As the UK and Australian datasets were drawn from different populations and modeled with different fixed effects, the data were integrated through a meta-analysis. A fixed effect inverse variance meta-analysis was carried out on all approximately 11 M bins of the UK and Australian datasets, using GWAMA [61]. P-values were Bonferoni adjusted to correct for multiple testing. We only present results for DMRs that show no strong evidence for heterogeneity in the meta-analysis as evaluated by the Cochran’s Q statistic (Cochran’s Q P > 0.05) [62] and the I2 statistic (I2 < 0.75) [63].

Replication in independent case-control cohort of 354 unrelated females

Differentially methylated genes identified in the meta-analysis of UK and Australian MZT pairs were evaluated with the existing scientific literature to select for likely MDD-related DMRs. Four DMRs were located within genes related to the pathology of MDD and selected for replication (see Results). For an independent case-control replication we included blood MeDIP-seq data of 354 unrelated, age-matched females from the EpiTwin project, 118 suffering from MDD and 236 controls. MeDIP-seq data of 118 cases and 236 controls were compared by t-test (RPM values of each 500 bp bin).

Postmortem brain expression data obtained from the UK Brain Expression Consortium

The four DMRs selected for replication were also compared with an independent expression dataset of 932 postmortem brain samples collected from the Edinburgh Brain Bank as part of the UK Brain Expression Consortium [64]. Expression data were generated with the Affymetrix GeneChip Human Exon 1.0 ST Array and the dataset contains 932 brain samples of 10 different brain regions obtained from 101 unrelated individuals (24 male and 77 female) aged from 16 to 83 years. The 10 brain regions are cerebellum, frontal cortex, hippocampus, medulla, occipital cortex, putamen, substantia niagra, temporal cortex, thalamus and intralobular white matter. The WGCNA R package was used to analyze the data for incidence of conserved co-expression gene networks [65].

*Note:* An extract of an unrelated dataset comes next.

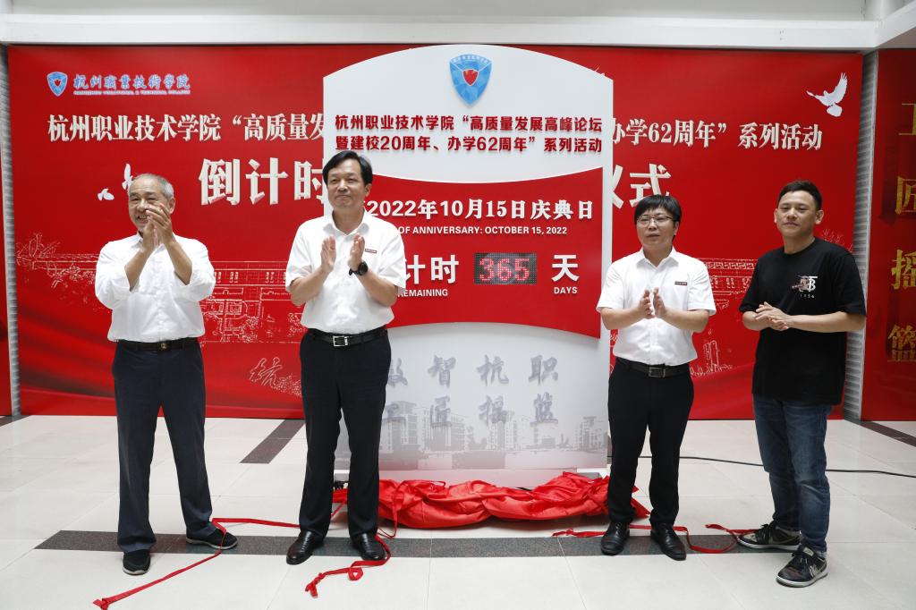 薪火相传六十载,荣耀见证新时代。10月15日下午,杭州职业技术学院“高质量发展高峰论坛暨建校20周年、办学62周年”系列活动一周年倒计时启动仪式在学生活动中心一楼大厅隆重举行。学校党政领导班子成员金波、徐时清、陈泉淼、金徐伟、楼晓春、程利群、麻朝晖,全体处级以上干部、离退休教职工代表、教师代表、学生代表、校友代表参加。启动仪式由金徐伟主持。

Case-control MDD RNA-seq data

The cohort is of European ancestry and contains 463 individuals with recurrent MDD and 459 controls. A detailed description of RNA-sequence and phenotype data for this cohort is provided elsewhere [66, 67]. RNA-sequencing was performed using whole-blood, with an average yield of 70 million reads per individual (50 or 51 bp, single-ended). Reads were mapped to the NCBI v37 H. sapiens reference genome using TopHat [68].Gene expression data were directly obtained from the previous study on this cohort [66]. Gene-level expression was quantified using HTSeq [69]. Additionally, we used samtools mpileup to quantify reads at each exonic position within the gene [70]. Only uniquely aligned reads with base quality of at least 30 were used for quantification. We then aggregated reads within the start and end points of each distinct exon identified in ENSEMBL Homo sapiens gene annotation, and normalized by the total read depth of each library. Total gene expression and exon expression of ZBTB20 were tested for association with MDD status. Associating testing followed the procedure reported previously for this cohort: a logistic regression likelihood ratio test was used to test for association between expression levels and MDD status while accounting for environmental, demographic, and medication intake covariates [66]. The list of covariates include age, gender, BMI, smoking status, cholesterol and blood pressure medication intake indicators. Genotype, raw RNA-seq, quantified expression, and covariate data are available by application through the NIMH Center for Collaborative Genomic Studies on Mental Disorders. Instructions for requesting access to data can be found at NIMH Repository and Genomics Resource [71] and inquiries should reference the 'Depression Genes and Networks study' (D Levinson, PI) [66].